** Entries supplied follows **

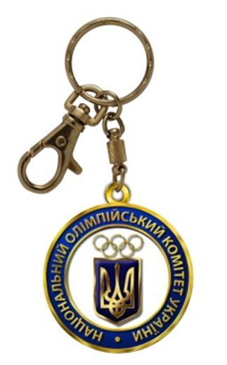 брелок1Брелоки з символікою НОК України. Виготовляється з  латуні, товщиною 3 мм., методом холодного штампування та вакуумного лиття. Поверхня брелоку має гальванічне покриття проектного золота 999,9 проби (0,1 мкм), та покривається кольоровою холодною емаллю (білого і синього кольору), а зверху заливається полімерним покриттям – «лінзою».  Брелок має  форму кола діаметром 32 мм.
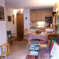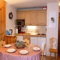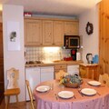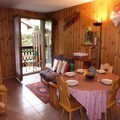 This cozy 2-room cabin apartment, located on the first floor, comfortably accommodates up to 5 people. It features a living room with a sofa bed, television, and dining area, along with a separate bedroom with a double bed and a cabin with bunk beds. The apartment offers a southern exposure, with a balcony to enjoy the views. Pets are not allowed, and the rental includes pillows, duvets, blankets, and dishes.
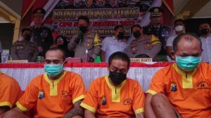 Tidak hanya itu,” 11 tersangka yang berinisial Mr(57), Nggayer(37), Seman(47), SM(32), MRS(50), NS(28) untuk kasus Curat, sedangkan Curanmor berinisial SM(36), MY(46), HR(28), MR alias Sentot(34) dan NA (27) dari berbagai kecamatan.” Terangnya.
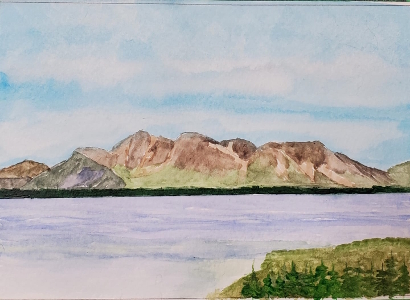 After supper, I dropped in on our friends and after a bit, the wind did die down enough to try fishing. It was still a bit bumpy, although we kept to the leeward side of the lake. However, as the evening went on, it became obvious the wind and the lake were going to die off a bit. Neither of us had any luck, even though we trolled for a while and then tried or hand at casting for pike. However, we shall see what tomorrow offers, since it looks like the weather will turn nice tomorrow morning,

** End of Entries supplied **
** Entries supplied follows **

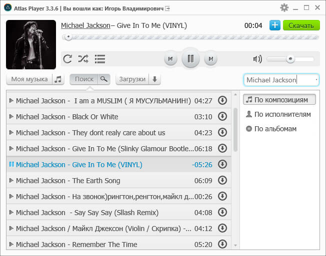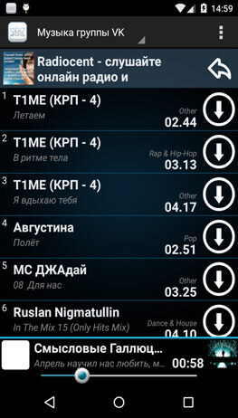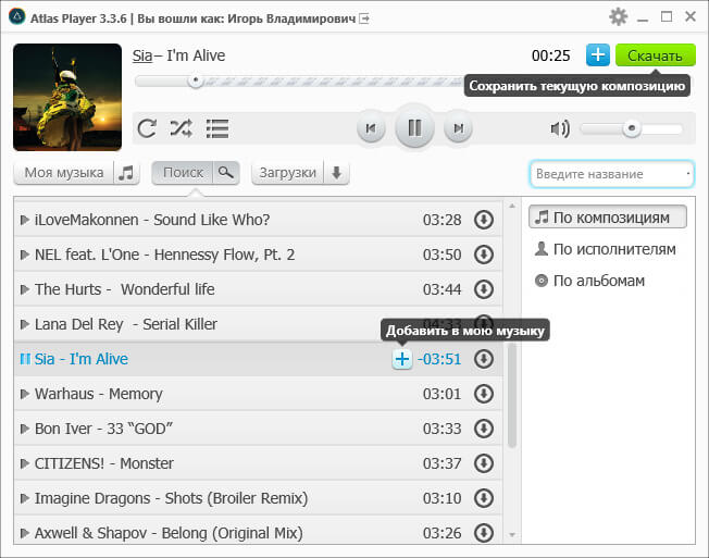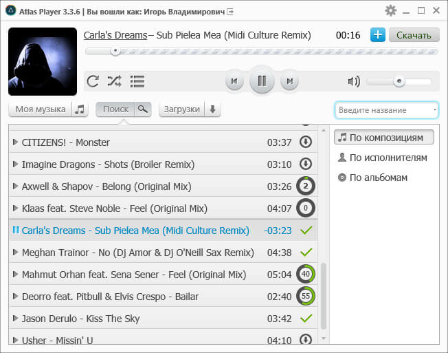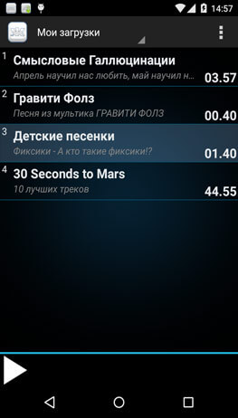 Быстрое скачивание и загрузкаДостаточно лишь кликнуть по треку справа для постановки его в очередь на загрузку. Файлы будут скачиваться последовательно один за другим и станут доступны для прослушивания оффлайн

** End of Entries supplied **
** Entries supplied follows **

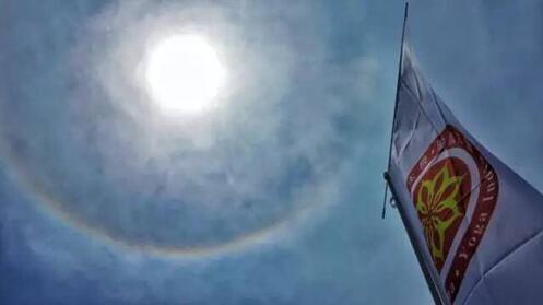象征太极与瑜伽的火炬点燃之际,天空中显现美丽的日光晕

** End of Entries supplied **

Exercise details: Give back exactly the lines above from the one with "This cozy 2-room" through the one with "After supper, I", both included. Pictures don't belong in the copy.

Solved problem:
 This cozy 2-room cabin apartment, located on the first floor, comfortably accommodates up to 5 people. It features a living room with a sofa bed, television, and dining area, along with a separate bedroom with a double bed and a cabin with bunk beds. The apartment offers a southern exposure, with a balcony to enjoy the views. Pets are not allowed, and the rental includes pillows, duvets, blankets, and dishes.
 Tidak hanya itu,” 11 tersangka yang berinisial Mr(57), Nggayer(37), Seman(47), SM(32), MRS(50), NS(28) untuk kasus Curat, sedangkan Curanmor berinisial SM(36), MY(46), HR(28), MR alias Sentot(34) dan NA (27) dari berbagai kecamatan.” Terangnya.
 After supper, I dropped in on our friends and after a bit, the wind did die down enough to try fishing. It was still a bit bumpy, although we kept to the leeward side of the lake. However, as the evening went on, it became obvious the wind and the lake were going to die off a bit. Neither of us had any luck, even though we trolled for a while and then tried or hand at casting for pike. However, we shall see what tomorrow offers, since it looks like the weather will turn nice tomorrow morning,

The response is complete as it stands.